U.S. SEC to consider new restrictions on company insiders’ trading plans
The head of the U.S. Securities and Exchange Commission said on Monday he has asked staff to tighten up a legal safe-harbor that allows corporate executives to buy or sell company stock without running afoul of insider trading laws.
The “Rule 10b5-1” trading plans allow insiders to execute trades in the company’s stock on a pre-determined future date, providing legal protection against potential allegations of insider trading on material nonpublic information.
Progressive Democrats and consumer advocates have long complained the rules for adopting, amending or canceling trades are far too lax, allowing insiders to game the system and reap windfalls at the expense of ordinary investors.
SEC Chair Gary Gensler said on Monday that SEC staff should consider tougher restrictions on such changes and increased transparency.
“When insiders or companies adopt 10b5-1 plans, there’s currently no cooling-off period required before they make their first trade,” Gensler said at the Wall Street Journal’s CFO Network event. “I worry that some bad actors could perceive this as a loophole to participate in insider trading.”

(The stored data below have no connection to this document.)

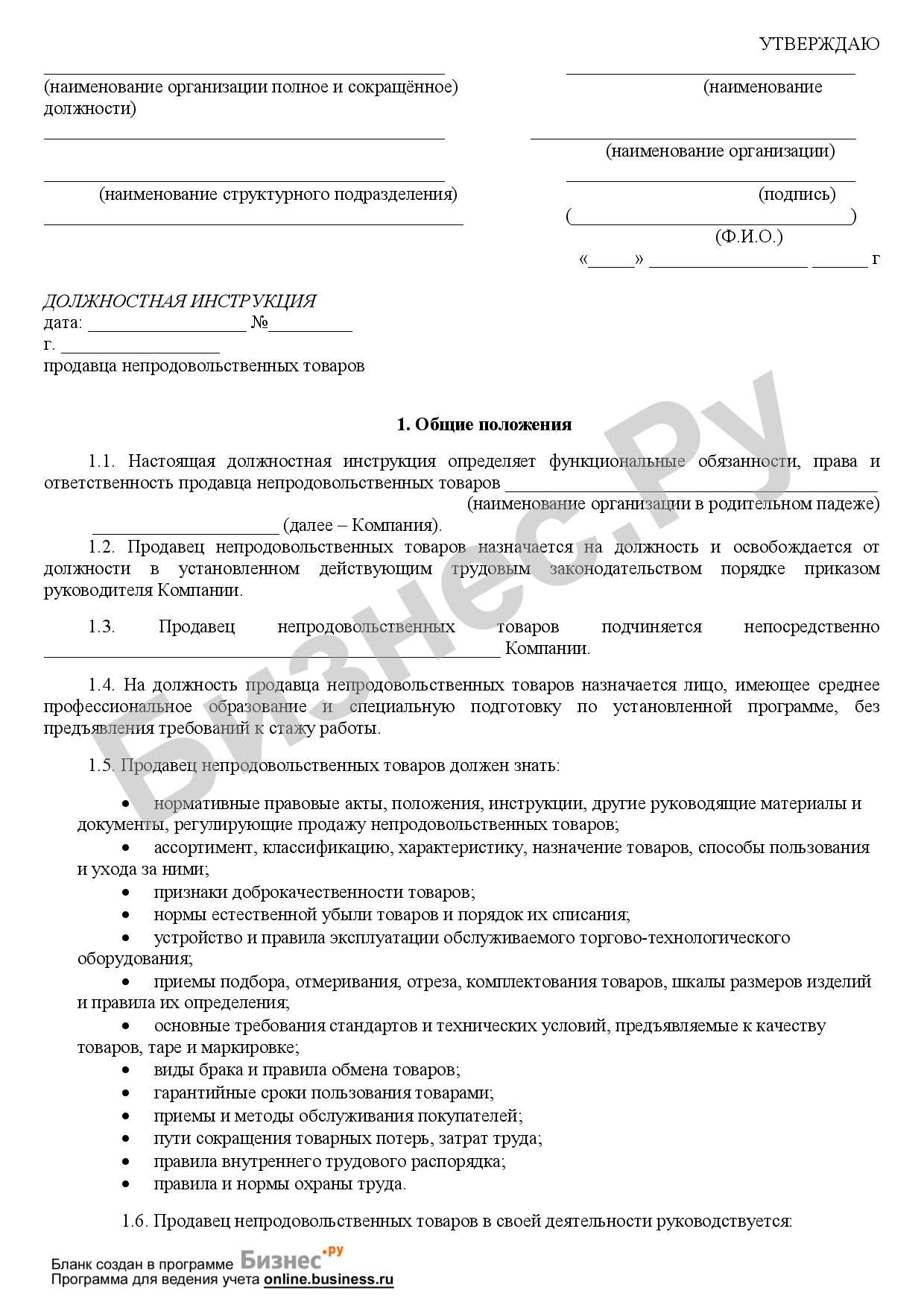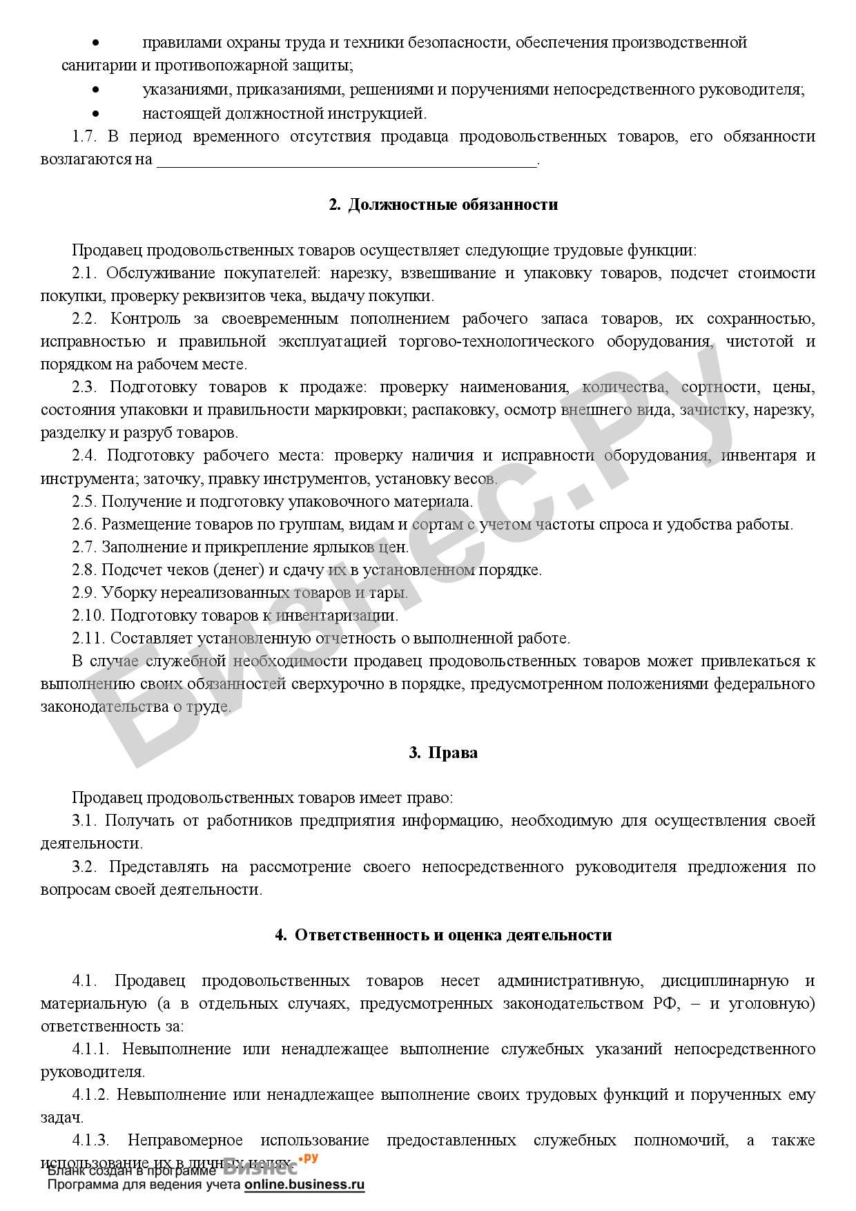 Должностная старший продавец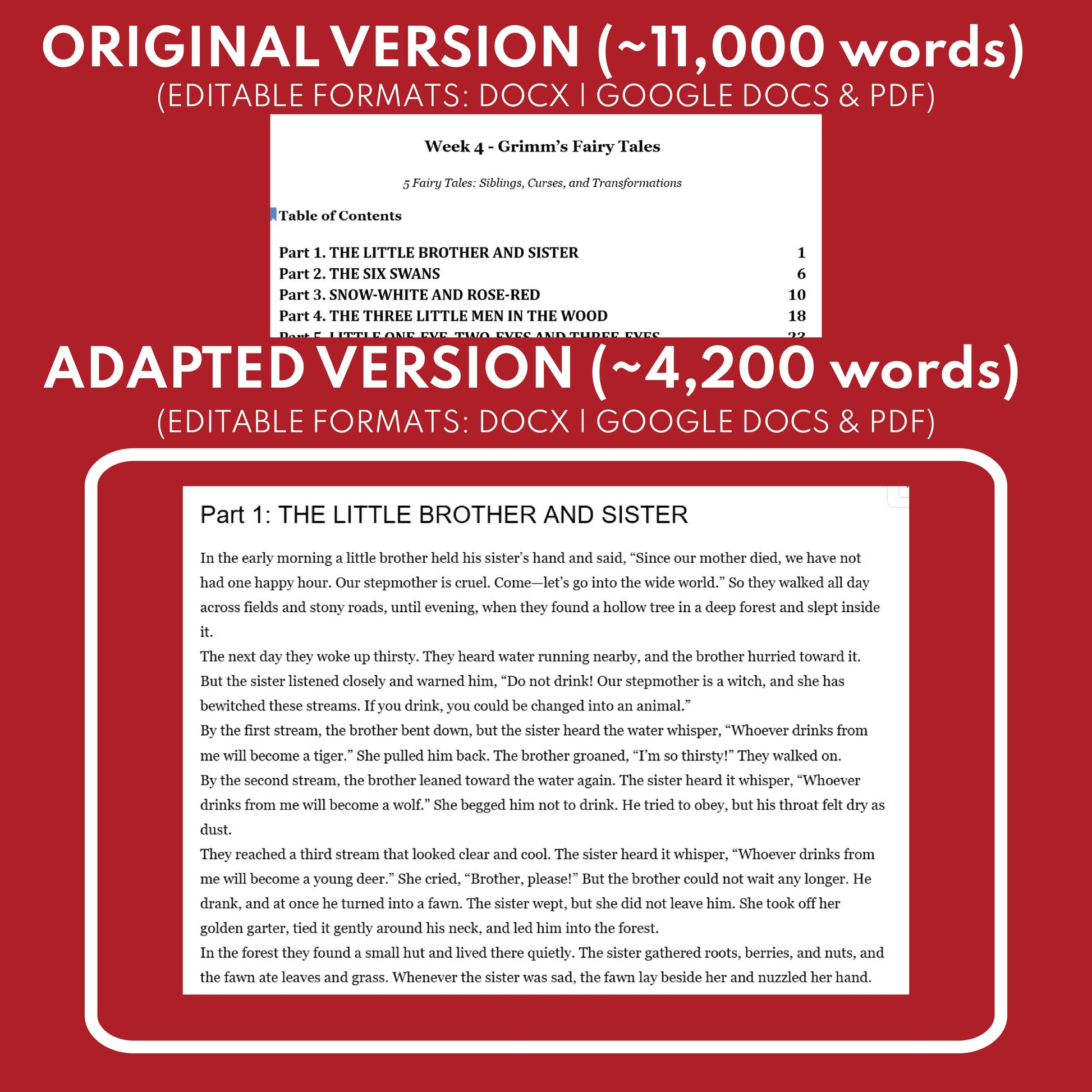 SOLUTION: This differentiated study guide for Grimm’s Fairy Tales (Week 4: Siblings, Curses, and Transformations) solves that problem by giving you both the complete original text and a condensed, five-part adapted version, so your class can move together while students read at the level that fits. The adaptation keeps the major plot events, character choices, and core themes so your discussions stay meaningful and text-based.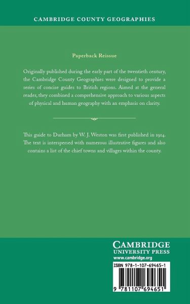 Originally published during the early part of the twentieth century, the Cambridge County Geographies were designed to provide a series of concise guides to British regions. Aimed at the general reader, they combined a comprehensive approach to various aspects of physical and human geography with an emphasis on clarity. This guide to Durham by W. J. Weston was first published in 1914. The text is interspersed with numerous illustrative figures and also contains a list of the chief towns and villages within the county.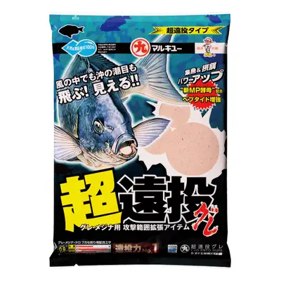 마루큐 초원투구레 벵에돔 집어제. 원투 전용으로 개발된 제품으로 바람이 강한 환경에서도 먼 거리 투척이 가능하며, 높은 시인성과 확산성으로 포인트 파악이 용이함.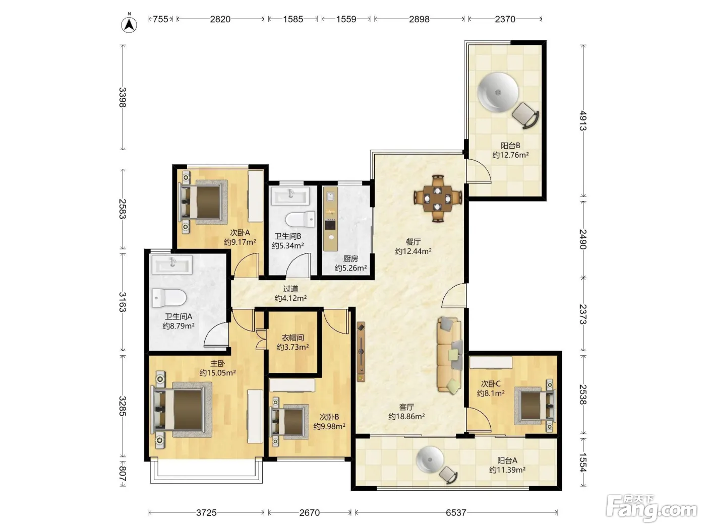 户型齐全,主打户型方正,明卫,明厨,主卧朝南四居
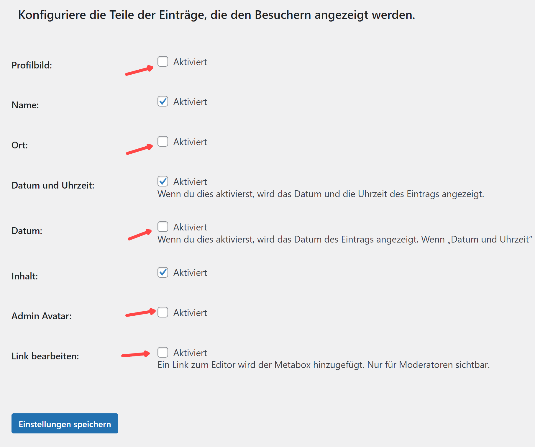Nach der Installation und Aktivierung muss „Gwolle Guestbook“ noch eingerichtet werden. Die empfohlenen Einstellungen sind aus den folgenden Screenshots ersichtlich.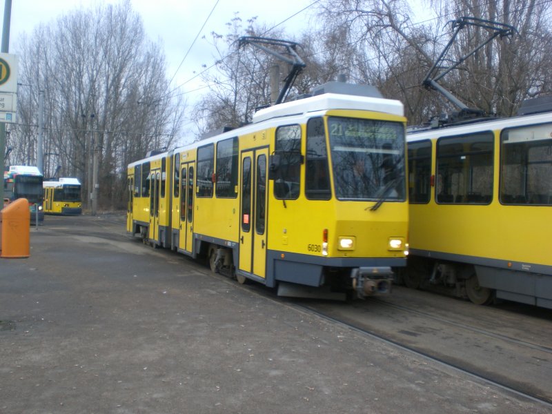 Berlin: Straßenbahnlinie 21 nach S+U Bahnhof Lichtenberg am S-Bahnhof Schöneweide/Sterndamm.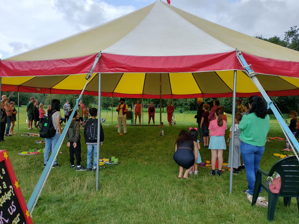 This summer like many families my children & I have been to a few exciting places in search of fun in the sun during the school summer holidays & being a kidz/family entertainer often during the holidays it is fine for me to ‘bring the kids to work’ especially as since covid, my two little clowns now age 8 & 10 have been practicing their circus skills & can perform in some of the shows or help to inspire other children at circus workshops with me when they want too, for pocket money & popcorn of course! Also the big change about circus pazaz that comes with the small but complete bigtop show is that like many small businesses after the uncertain covid period we were very close to closing down completely, especially as our old but well looked after tent was now well over 20yrs old & we were aware the canvas top & walls were in need of replacing. However, we are pleased to say that Tilly Twist who has been involved for the majority since 2013 has now become joint partner! We are proud to say that we did visit all the schools that we had booked in since 2019 as well as many new schools booking in 2022 – from Eastbourne to Pontypridd this summer ’22 we set up our little bigtop show in over 30 locations! (you can read more about circus pazaz’s summer tour here)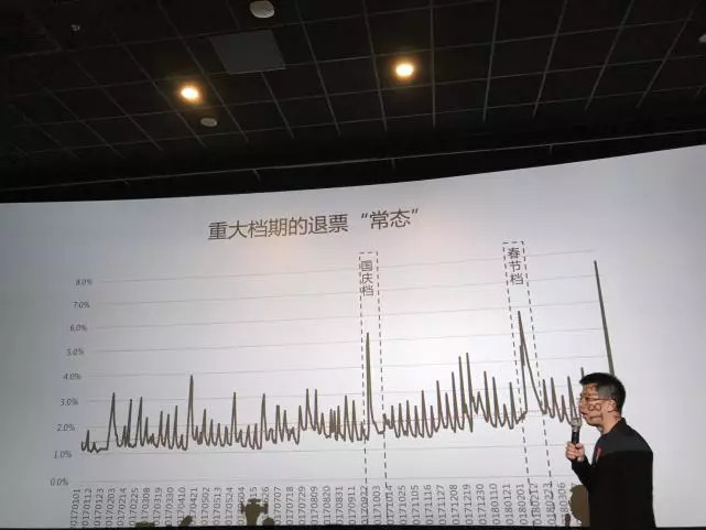 康利在媒体恳谈会上的回复是,“第一,热门档期的热门影片,因为它的关注度高;第二,它的预售开启的时间比较长,并且预售阶段比较火爆。从我们现在掌握的数据来看,大量的用户的退票是产生在映前10几天甚至10天、8天,就是映前越早购买的用户他临时改签的概率越大。多种的原因组合起来,有这样一个大规模的改签或者退票的需求。”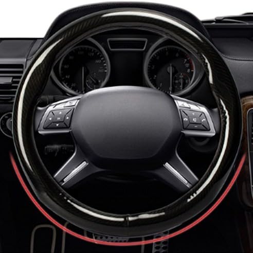 Generic - جراب طارة غطاء طارة دركسيون للسيارة للنساء والرجال ، مصنوع من الكاربون فائق الجودة ، يناسب سيارات الركوب العادية و سيارات الدفع الرباعي بتصميم دائري (اسود لامع)

While the rules do not treat canceling a trading plan as a securities transaction, Gensler added that doing so may be “as economically significant as carrying out an actual transaction.”
He had also asked staff to consider more robust disclosures regarding the adoption, modification and terms of the trading plans. An SEC proposal could also curb the number of plans executives can set up and reduce the risk of improper trading by requiring insiders to wait up to six months after a plan’s conception before trading, he added.
Dennis Kelleher, head of Washington-based nonprofit Better Markets, said the proposed changes were long overdue.
“Executives have been able to game the system, including engaging in de facto insider trading, by creating, changing, and canceling these stock trading plans in secret and virtually at will.”